# YOUR OBJECTIVE
Print the listing below only from the line that has "Figure 1: Examples" through the line that has "On our way back", exactly, and drop any picture.

# EXERCISE MATERIAL
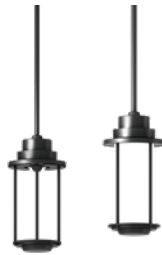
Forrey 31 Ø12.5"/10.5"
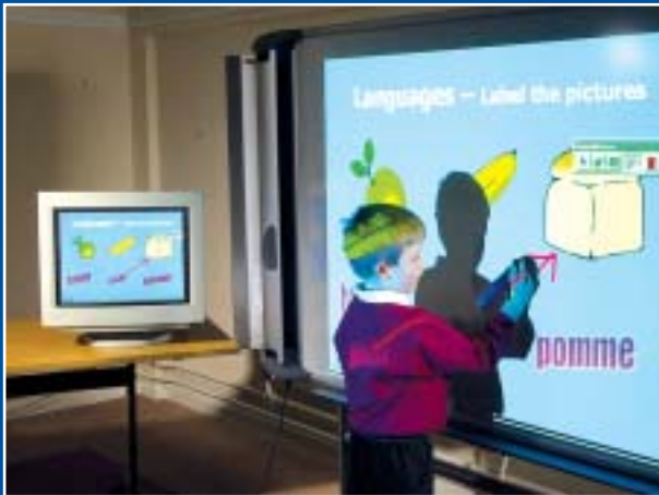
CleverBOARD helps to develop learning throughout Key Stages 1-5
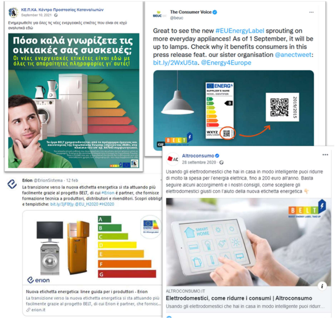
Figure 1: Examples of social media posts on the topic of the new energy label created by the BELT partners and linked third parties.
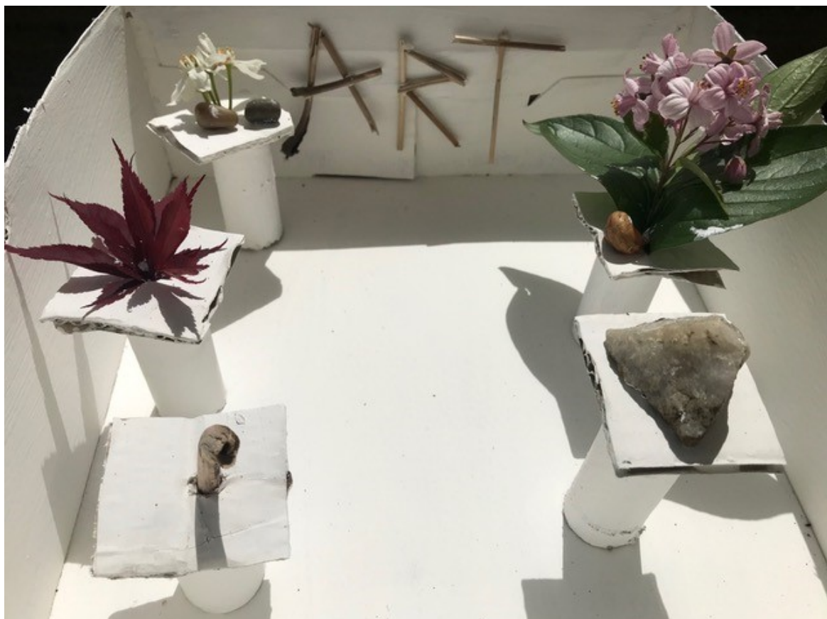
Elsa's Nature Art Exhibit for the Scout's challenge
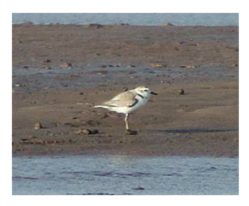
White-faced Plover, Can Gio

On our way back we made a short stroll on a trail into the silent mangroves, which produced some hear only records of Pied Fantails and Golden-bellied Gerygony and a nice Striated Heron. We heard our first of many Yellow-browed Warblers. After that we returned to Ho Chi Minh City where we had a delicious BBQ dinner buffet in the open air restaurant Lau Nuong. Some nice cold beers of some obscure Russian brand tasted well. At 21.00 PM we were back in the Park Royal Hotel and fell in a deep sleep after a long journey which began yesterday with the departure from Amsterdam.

...

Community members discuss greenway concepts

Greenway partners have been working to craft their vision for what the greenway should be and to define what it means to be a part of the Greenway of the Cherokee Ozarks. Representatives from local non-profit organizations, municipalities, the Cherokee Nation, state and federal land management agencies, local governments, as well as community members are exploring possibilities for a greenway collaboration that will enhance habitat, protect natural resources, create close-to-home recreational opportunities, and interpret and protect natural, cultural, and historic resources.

==

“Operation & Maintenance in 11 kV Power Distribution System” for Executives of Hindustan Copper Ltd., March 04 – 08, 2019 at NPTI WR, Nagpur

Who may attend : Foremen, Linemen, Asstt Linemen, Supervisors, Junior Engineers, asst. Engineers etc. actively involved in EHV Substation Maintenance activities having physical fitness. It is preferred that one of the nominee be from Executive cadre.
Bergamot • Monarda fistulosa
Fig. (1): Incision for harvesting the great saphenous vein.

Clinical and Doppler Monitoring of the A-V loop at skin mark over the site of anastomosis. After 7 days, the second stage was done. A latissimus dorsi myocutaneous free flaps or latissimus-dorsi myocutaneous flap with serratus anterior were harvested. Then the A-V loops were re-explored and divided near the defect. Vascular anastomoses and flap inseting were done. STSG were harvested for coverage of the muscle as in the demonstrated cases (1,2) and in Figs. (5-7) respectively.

# REPLY
Figure 1: Examples of social media posts on the topic of the new energy label created by the BELT partners and linked third parties.
Elsa's Nature Art Exhibit for the Scout's challenge
White-faced Plover, Can Gio

On our way back we made a short stroll on a trail into the silent mangroves, which produced some hear only records of Pied Fantails and Golden-bellied Gerygony and a nice Striated Heron. We heard our first of many Yellow-browed Warblers. After that we returned to Ho Chi Minh City where we had a delicious BBQ dinner buffet in the open air restaurant Lau Nuong. Some nice cold beers of some obscure Russian brand tasted well. At 21.00 PM we were back in the Park Royal Hotel and fell in a deep sleep after a long journey which began yesterday with the departure from Amsterdam.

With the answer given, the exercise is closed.